People would ask my mother for the recipe, and then complain that it didn't taste the same. She'd look at them, and say, what else did you add - and they'd say, well, I added (mushrooms..wine..basil..)
And she'd tell them - leave the recipe alone - if you want to add something, go get a jar of Ragu, and mess with that.
- braatenLv 45 years ago
Flavored rice. Favorite recipe. Reduce pieces of chicken thrown into the backside of a 2 qt sauces pan. ADD pat of Butter or tablespoon of Olive oil overwhelmed garlic to style (ordinarily use a 4th of a clove) Fry over a medium heat except meat is white stiring ocassionally. Add a quarter cup of water 1 dice of fowl broth combine warmness a couple of extra minutes mixing unless the dice melts. Should be reasonably simmering. Add 1 cup of rice. Mix so the rice absorbs the water. Add 2 and half cups of water Add salt to taste quilt cook dinner over a low heat Boil for 20 minutes or unless water is absorbed through the rice.
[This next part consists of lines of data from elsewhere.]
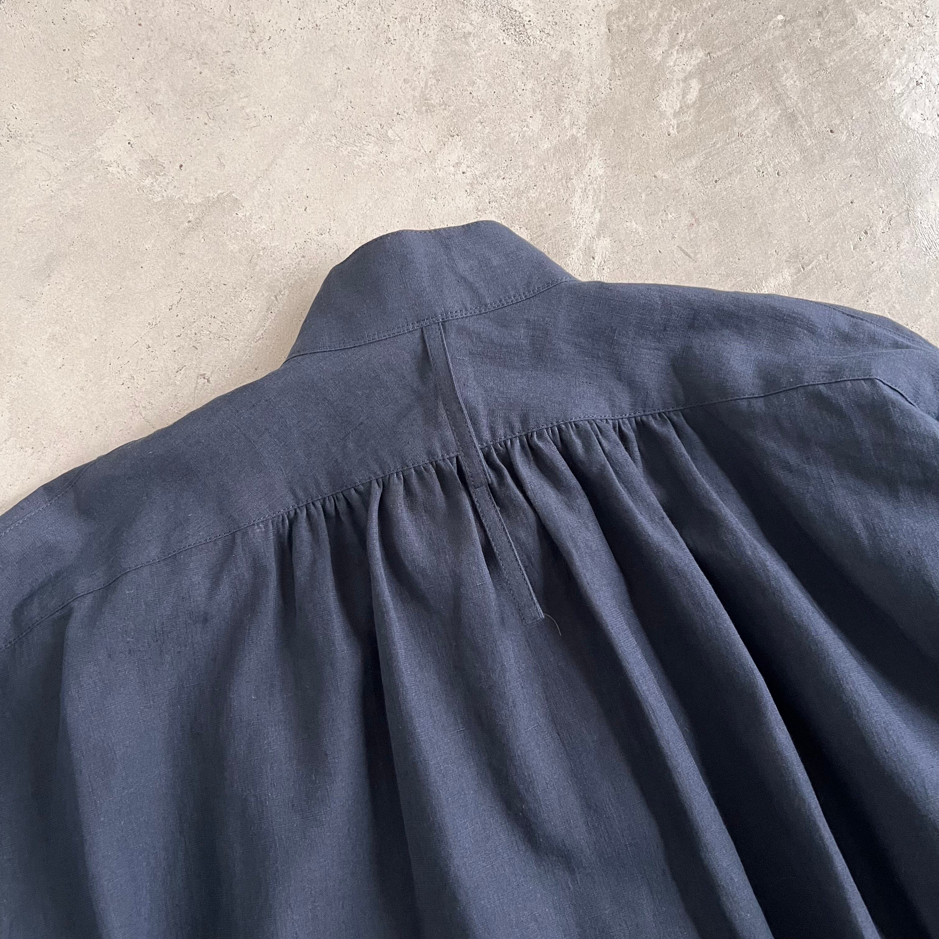 素材はリネンにコットンを混ぜて番⼿や密度、節の調整などを試⾏錯誤しながら、コシがあってほんの僅かに光沢を持った静かに主張するオリジナル⽣地。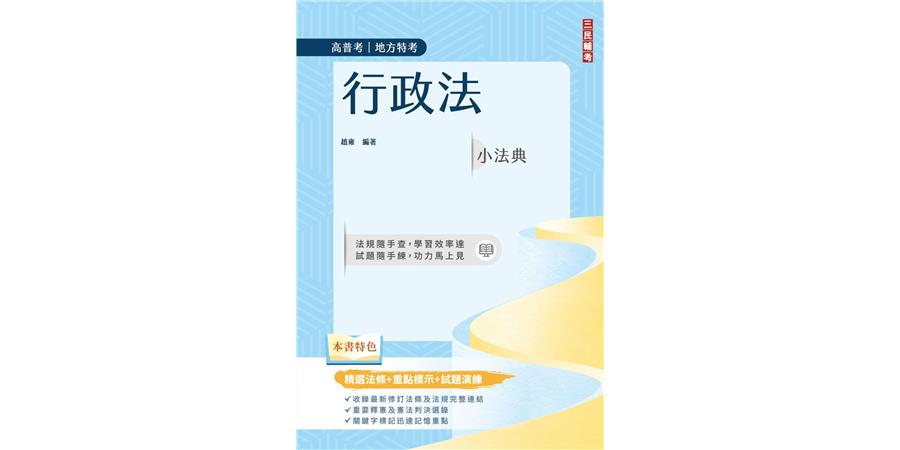 若不懂法,怎麼準備法科考試?法條艱澀隱晦,如何速成秒懂,進而轉化為奪分即戰力?勤能補拙,永遠是準備考試的金科玉律,這本《行政法小法典》(書號:9786267805350)專治法盲,先述法條,後以歷屆試題帶入解析,是最有效率的學習方式。此書也特別以口袋書形式呈現,讓您隨身攜帶,想讀就翻,利用零碎時間,掌握得分關鍵。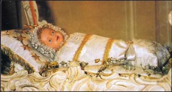 To make this issue a matter of complete confusion. Maria Bambino can be found in many shrine around the World. And while Maria Bambina has blue eyes in Italy, she is a black eyed baby girl in Mexico.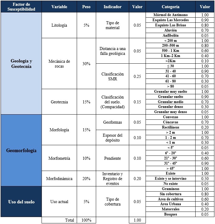 La ecuación mostrada anteriormente (ecuación 1), supone que la zonificación de la susceptibilidad por deslizamientos se fundamenta en tres factores condicionantes básicamente: las condiciones geológico-estructurales, la geomorfología y el uso del suelo. Cada uno de los factores mencionados, tiene asociado un conjunto de variables e indicadores, establecidos a partir del modelo de Sánchez y Urego (2011).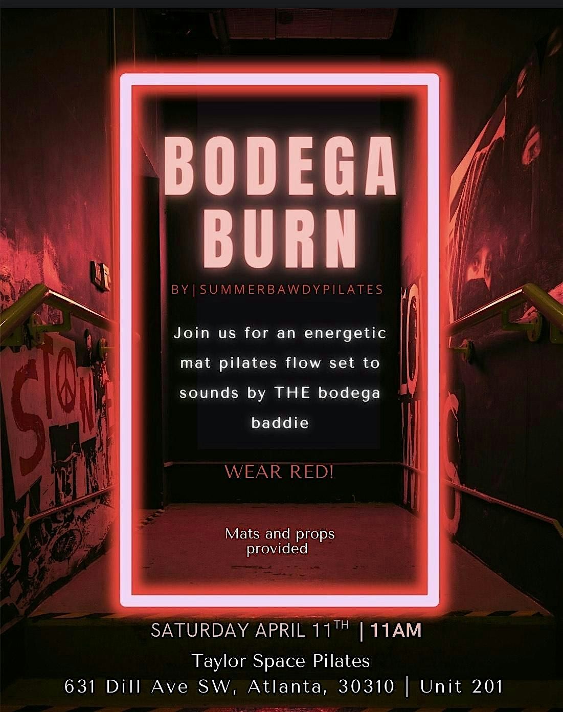 Join us for an energetic mat pilates flow set to sounds by THE bodegabaddie.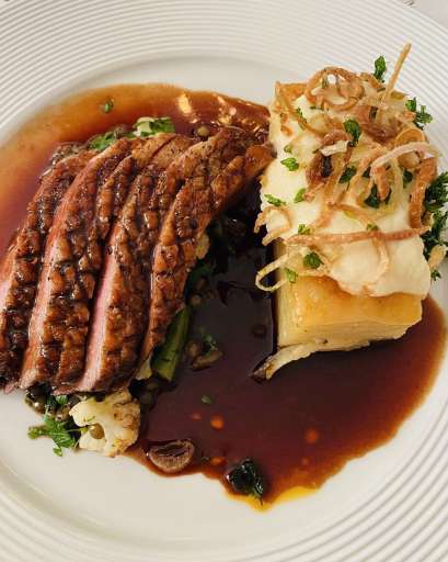 Vitpeppar & timjanstekt kalvytterfilé Selleripuré & säsongens primörer, Charlottenlökssky med citron & timjan Potatisterinne med parmesan 335:- ~ Helstekt oxfilé serverad med ört & ramslökssmör, bakad sparris, kvisttomat & mustig rödvinsås samt potatisterrine med Västerbottenost 345:- ~ Rosmarinstekt svensk lammrostbiff med lavendelsky, Potatisterrinne med getost, grönsaksragu med tomat & vitlökskräm 320:- ~ Svensk dovhjortsadel med kryddig pumpacreme, bakade rotsaker ,vinbärssky samt kroppkaka med svamp & rökt sidfläsk 345:- ~ Örtfärserad fransk majskycklingrullad, grön sparris rostad kycklingsky med soltorkad tomat & basilika ostflammad potatisbakelse 295:- ~ Stekt ankbröst med körsbärssky, timjansglacerade gulbetor & bönor, tryffelpotatispuré 310:- ~ Sirdalsöring med säsongens primörer, rökt forellrom, vitvinssmörsås med gräslök Mandelpotatiskaka med dill 325:- ~ Dill & fänkålsbakad gösfilé med grön sparris, sockerbönor & kryddig hummersås 325:- ~ Belugalinser med rostad vitlök & örter Potatis & blomkålscreme Rostad blomkål & svamp, citronglacerad spetskål rödvinssky 295:-

Can add when you add the quarter cup of water Chopped Mushrooms Tomato's Onions Peppers and many others what ever you revel in to consume excellent luck
- 9 years ago
That's easy, the BIG MAC RECIPE!
Full recipe can be found here; http://6scoops.com/recipe/314
Source(s): http://6scoops.com/recipe/314 - How do you think about the answers? You can sign in to vote the answer.
- Anonymous9 years ago
homemade german cho cake, my homemade enchiladas and my turkey and stuffing with homemade gravy.